Developed for gastronomy, INEDIT is an alternative to wine for pairing with all dishes — from informal to more exquisite, sophisticated types of food. INEDIT is a unique coupage of barley malt and wheat with spices which provide an intense and complex aroma. It aims to complement food once thought to be a challenge in terms of culinary pairings, including salads, vinegar-based sauces, bitter notes such as asparagus and artichokes, fatty and oily fish, and citrus.

With its delicate carbonation, INEDIT adapts to acidic, sweet and sour flavors. Its appearance is slightly cloudy, and INEDIT has a yeasty sensation with sweet spices, causing a creamy and fresh texture, delicate carbonic long aftertaste, and pleasant memory. The rich and highly adaptable bouquet offers a unique personality with a smooth, yet complex taste.

Unlike most beers, INEDIT is bottled in a 750 ml black wine bottle and is intended for sharing. INEDIT is to be served in a white wine glass, filled halfway and chilled in a cooler.

All well and good, except that how is it possible every beer aficionado knows something, something they take for granted even, that Adrià and his crew do not; which is that beer is, and has always been, a wonderful match with challenging foods.

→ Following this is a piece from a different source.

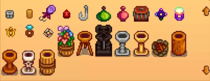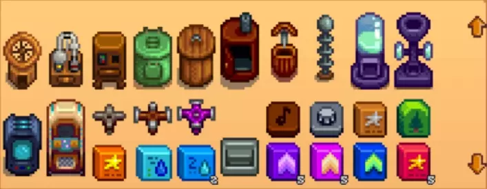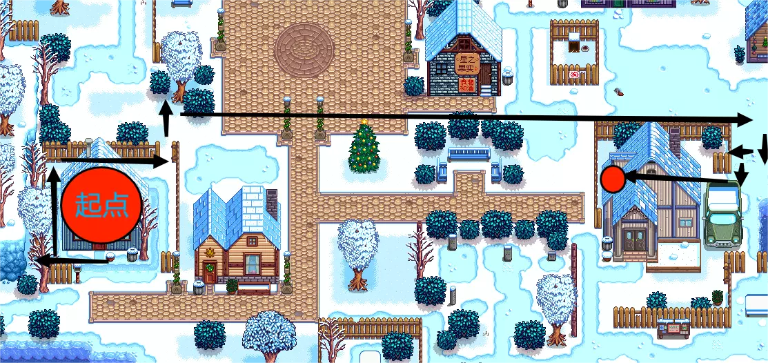 6.游戏中随处都有可能遇到一种叫远古斑点的东西,具体样子如右图,用锄头去挖它可以获得某些奖励,其中包括了一些能提交给博物馆的古代物品,甚至是一些第一年获得不到的作物种子。冬季出现的更多,而且冬季的部分采集物需要从远古斑点获取。 7.同时也是个人认为最重要的:游戏是愉快享受的,成就是不会错过的,切勿给自己上太多完全没必要的压力!哦好吧其实只有一组互斥成就无法同时达成,除非借助备份存档大法,反正就在本节下面会介绍的。 春季熟悉熟悉玩法和地图分布,走走法师塔和社区中心剧情,种种地钓钓鱼探探矿井,认识认识村民,放轻松享受。 在第1年春季第5日后初次在晴天8:00-13:00进入社区中心时会触发过场剧情,与社区中心内的发光方块互动,会在次日收到前往法师塔的信件即可前往法师塔(法师会使玩家听得懂祝尼魔的语言,并至此开始社区收集包的任务,提交社区收集包的进度可以打开背包点击右上角那个小按钮以查看)。 但是呢,如果我们能做到尽快抵达耕种8级,美滋滋的挣钱计划就可以执行了。而在抵达耕种3级时解锁树液采集器配方,记得多造几个都摆在橡树上,我们的挣钱大计需要大量的橡树树脂;当然其它种类的树也可以放,比如枫树收集的枫糖浆。农耕5级时建议点“农耕人”技能。 春季种植甘蓝是最适合增长耕种经验的,无论如何,春季多种地都是相对更推荐的。 第1年春季第2日,收信并在下午5:00前去钓鱼小屋(小镇南侧海滩)可获得竹鱼竿。钓鱼3级解锁蟹笼的制作配方,有条件可以放几个在河边和海边,需要提前放鱼饵,有些蟹笼收获品也会是社区收集包的需求物。 为了我们的挣钱大计,你需要提前知道的是,在第1年夏季结束前要任意完成4个收集包,以解锁金库的收集包,而且,不要加入Joja会员!第一年夏季结束前就能容易完成的有工艺室的春季采集包、夏季采集包、异国情调采集收集包,茶水间的春季作物包、夏季作物包,鱼缸的湖鱼收集包、海鱼收集包、夜间垂钓收集包、蟹笼收集包,锅炉房的铁匠收集包。 夏季如果你想搞钱,夏季的重心在啤酒花!在夏季第一天倾家荡产种啤酒花、造小桶来酿造淡啤酒以出售,这就是一本万利的行当——的第1/2步,是的这才只是挣小钱的第一步,顺利的话能挣个小五十万甚至小一百万。有钱的话可以考虑种下各种果树树苗(每种一两棵即可,树苗周围一圈八格有障碍不会生长,1.6.9版本更新后杂草和种子不会阻碍)。 由于小桶需要耕种8级才能解锁配方,制作需要橡树树脂,所以春季多种田收获垫经验、多收集橡树树脂是很重要的。如果你有耐心,并且先前在耕种5级时点了“农耕人”,你可以屯着你的淡啤酒等到耕种10级点出“工匠”,提高淡啤酒的售价,以及对下一步挣钱也有帮助。 有点小钱了,还不能乱花哦,优先把社区中心的金库全部提交(共需42500金),这会使得巴士站被修复,至此可以去沙漠探索了——这也是为什么说秋季到来前交齐任意4个收集包的原因,就是为了去沙漠,的绿洲商店玩了命的买杨桃种子。 种出的杨桃放入小桶中酿的杨桃果酒,才是真正的暴富生意。后续如果你扩建了家并拥有了附带许多木桶的地窖(同时获得木桶配方),还可以将一部分果酒放进木桶陈酿以提高星级,最高到紫色的铱星级别售价翻倍。 秋季...及之后的n年玩了命的囤杨桃造果酒去卖就好,财务自由实现! 可以开始考虑发展放牧业了!总之找木匠罗宾就对了,有钱能使鬼推磨。 发展NPC友谊度,扩建自己的家,找到心仪的ta成婚生子XD 具体的NPC友谊度机制会另外开章节介绍。 在补齐社区建设之前,在全收集包即将交齐之前,建议备份存档,完成加入Joja会员以投资修复社区中心完毕的成就——完成全收集包或是Joja投资清单对于修复社区中心的效果是一样的。个人更喜欢通过提交所有收集包来修复社区中心的路线。 存档位置:C: Users 用户名 AppData Roaming StardewValley Saves(此路径可能是默认隐藏的) 秋季第2日起进入城镇区域时会触发过场剧情,镇长刘易斯庄园门口新建了个特别任务板,从此以后这里每周(周一刷新,不能放弃任务)可接取1个特别任务,这些特别任务是有限的,期限更长但也相对更累人,除了金钱和对应NPC友谊度外一般还会奖励一些特别的家具、配方等,建议是慢慢清完,不必担心,到期未达成的任务也可重新刷到。 在冬季16:00前,从农场进入巴士站区域(骑马不会触发)时会触发过场剧情,寻找一名神秘黑影,在社区中心左侧一处灌木丛找到它就可获得“放大镜”,之后锄远古斑点、砍树/树桩、挖矿、钓鱼和杀怪时都有概率找到秘密纸条,可以得知一些星露谷的小秘密(具体请另见对应章节)。另外,用斧头收获巨大作物时必定获得秘密纸条,只有花椰菜、甜瓜和南瓜可以长出巨大作物,这要求3×3范围内为同种农作物(只要中心格成熟了,每天都有概率生成)。 社区中心建设好后就可以修船,姜岛就开放了。姜岛有许多有意思的东西,后面再专门简要介绍。 累计给博物馆捐60个物品,就能拿到下水道钥匙进入下水道了。完成社区中心建设后前往铁路区域,会接到法师寻找暗黑护身符的任务,就能去下水道的深层,抵达沼泽和女巫住所。 社区中心建设好后还可以将Joja超市旧址改建为电影院,同样是交收集包/交钱的路子,在这可以看或邀请NPC同看每月轮换的电影,期间还能买观影小零食,这些也是提升NPC友谊度的方法。

The very idea of there being an all-purpose beer “for pairing with all dishes” suggests they don’t really understand beer’s complexities at all. No chef worth his salt would ever suggest there’s one wine that might go with any dish, but beer has for so long suffered in the shadows, and many chefs, sadly, think that beer is just one thing: the mass-produced adjunct swill that people guzzle at sporting events.

That they’ve missed the boat is again made obvious by the statement that “[u]nlike most beers, INEDIT is bottled in a 750 ml black wine bottle and is intended for sharing.” There are many, many beers that are bottled in a 750 ml size, not to mention the 22 oz. bomber, which has been around for decades. Both are, and always have been, for sharing.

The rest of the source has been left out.